De rechtbank heeft bepaald dat [eiser] dit bedrag als voorschot moet deponeren, en dat het voorschot binnen drie weken na ontvangst van de factuur van het Landelijk Dienstencentrum voor de Rechtspraak (LDCR) moet worden voldaan. Indien het voorschot niet tijdig wordt voldaan, zal de zaak worden verwezen naar de rol voor conclusie wegens niet ontvangen deskundigenbericht. De beslissing over het voorschot is uitvoerbaar bij voorraad verklaard. De griffier zal een afschrift van het vonnis aan Kok toezenden. De verdere beslissing in de zaak is aangehouden, wat betekent dat de rechtbank later opnieuw zal oordelen over de zaak.

Uitspraak

vonnis
RECHTBANK DEN HAAG
Team handel
zaaknummer / rolnummer: C/09/599888 / HA ZA 20-928
Vonnis van 7 juni 2023
in de zaak van
[eiser], te [plaats 1],
advocaat: mr. W.J. Vroegindeweij, te Katwijk,
eiser,
tegen
de besloten vennootschap met beperkte aansprakelijkheid
[gedaagde] MAKELAARDIJ B.V., te [plaats 1],
advocaat: mr.

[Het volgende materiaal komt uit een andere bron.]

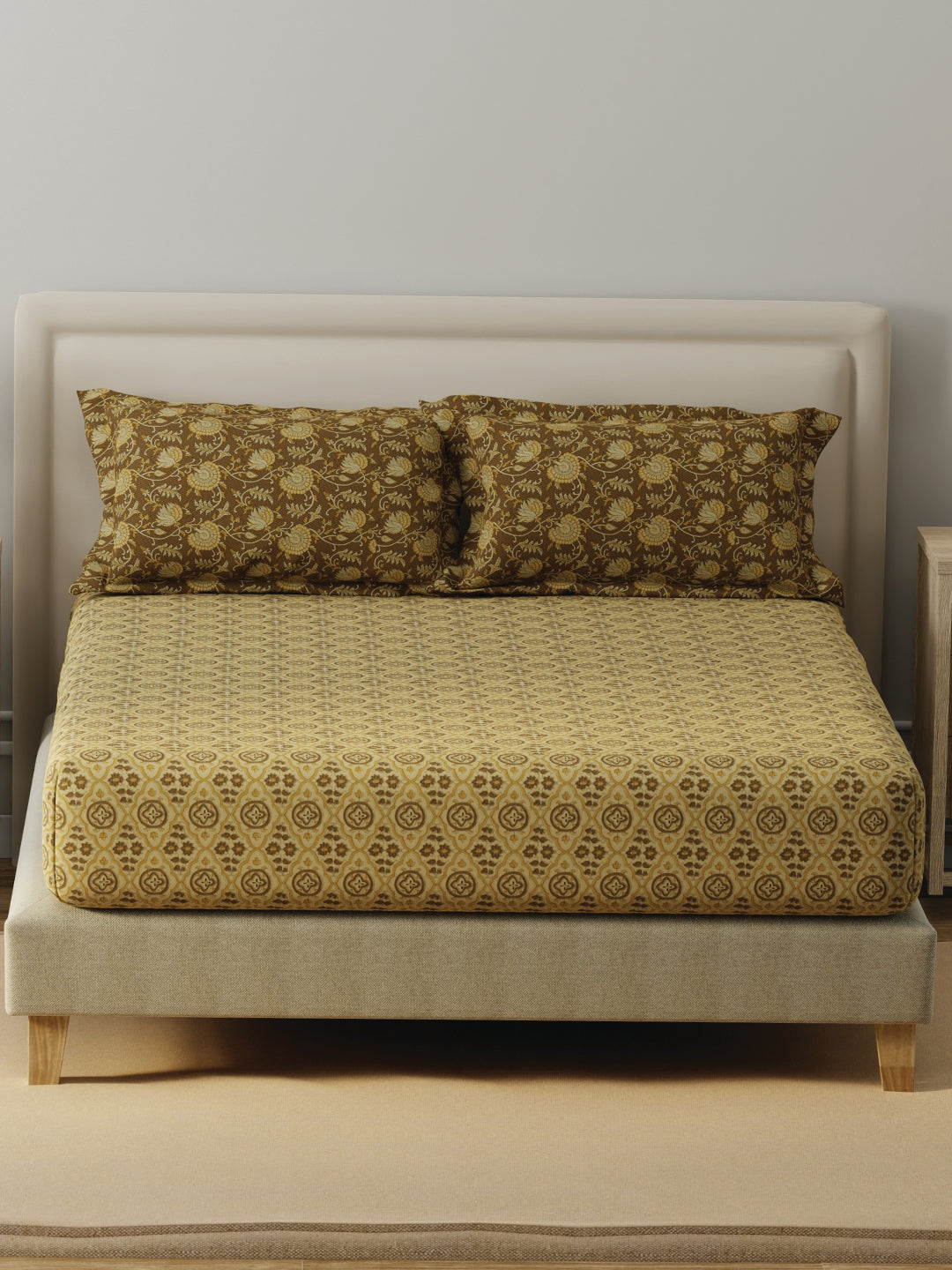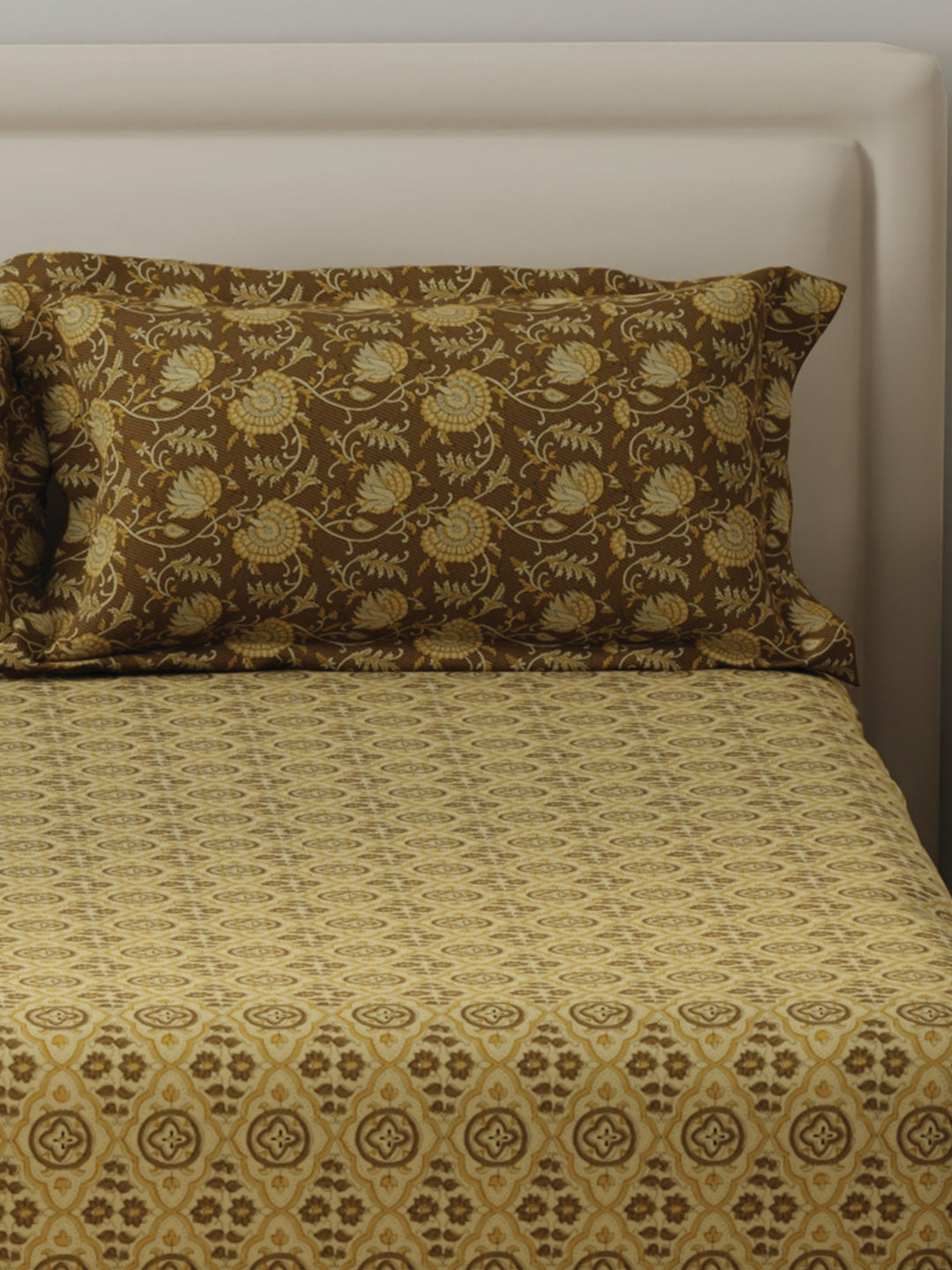 BasicX 100% Cotton 120 TC Brown Printed Double Bedsheet with 2 Pillow Covers

D.J. Wolf, te Rotterdam,
gedaagde.
Partijen worden hierna [eiser] en [gedaagde] genoemd.

1.De procedure

1.1.
Het verloop van de procedure blijkt uit:
- het tussenvonnis van 31 augustus 2022 en de daarin genoemde stukken;
- de correspondentie met partijen per e-mail over de validatie van het deskundigenrapport.
1.2.
Hierna is een datum voor vonnis bepaald.

2.De verdere beoordeling

2.1.
In het tussenvonnis van 31 augustus 2022 (hierna: het tussenvonnis) heeft de rechtbank de heer R. Kok (hierna: Kok) als deskundige benoemd om de oppervlakte en de waarde van de woning waarover deze zaak gaat vast te stellen.
2.2.
In het tussenvonnis is ervan uitgegaan dat het NWWI het deskundigenrapport van Kok zou valideren. In de praktijk is dat bij dit rapport niet mogelijk gebleken. Kok heeft de rechtbank meegedeeld dat de NRVT richtlijnen, waaraan hij gebonden is, voorschrijven dat een niet-gevalideerd rapport moet worden voorzien van een plausibiliteitsverklaring, af te geven door een controlerend taxateur. Gelet hierop heeft de rechtbank Kok gevraagd een controlerend taxateur in te schakelen en een begroting te verstrekken van de kosten die daarmee gemoeid zullen zijn.
2.3.
Kok heeft mevrouw [naam], verbonden aan A44 taxateurs B.V., bereid gevonden om als controlerend taxateur op te treden. Zij heeft haar kosten begroot op
€ 907,50, inclusief BTW. Partijen zijn in de gelegenheid gesteld zich hierover uit te laten en hebben aangegeven geen bezwaar te hebben. Het voorschot zal worden begroot op € 907,50
en zal, in aansluiting op het tussenvonnis, door [eiser] moeten worden gedeponeerd. Het voorschot zal worden verstrekt aan Kok.
2.4.
In hun conclusie na deskundigenbericht zullen partijen kunnen ingaan op de inhoud van de plausibiliteitsverklaring.
2.5.
Iedere verdere beslissing wordt aangehouden.

3.De beslissing

3.1.
bepaalt dat Kok mevrouw [naam], verbonden aan A44 taxateurs B.V. zal inschakelen voor de afgifte van een plausibiliteitsverklaring;
3.2.
bepaalt dat [eiser] een bedrag van € 907,50 (inclusief BTW), als voorschot van de kosten van mevrouw [naam] dient te deponeren. Hiertoe ontvangt [eiser] separaat een factuur van het Landelijk Dienstencentrum voor de Rechtspraak (LDCR);
3.3.
bepaalt dat het voorschot binnen drie weken na ontvangst van de factuur van het LDCR dienen te worden voldaan;
3.4.
bepaalt dat indien het voor voorschot niet tijdig wordt voldaan, de zaak wordt verwezen naar de rol voor conclusie wegens niet ontvangen deskundigenbericht;
3.5.
verklaart de beslissing over het voorschot uitvoerbaar bij voorraad;
3.7.
bepaalt dat de griffier een afschrift van dit vonnis aan Kok zal toezenden;
3.8.
houdt iedere verdere beslissing aan.
Dit vonnis is gewezen door mr. D.R. Glass en in het openbaar uitgesproken op 7 juni 2023.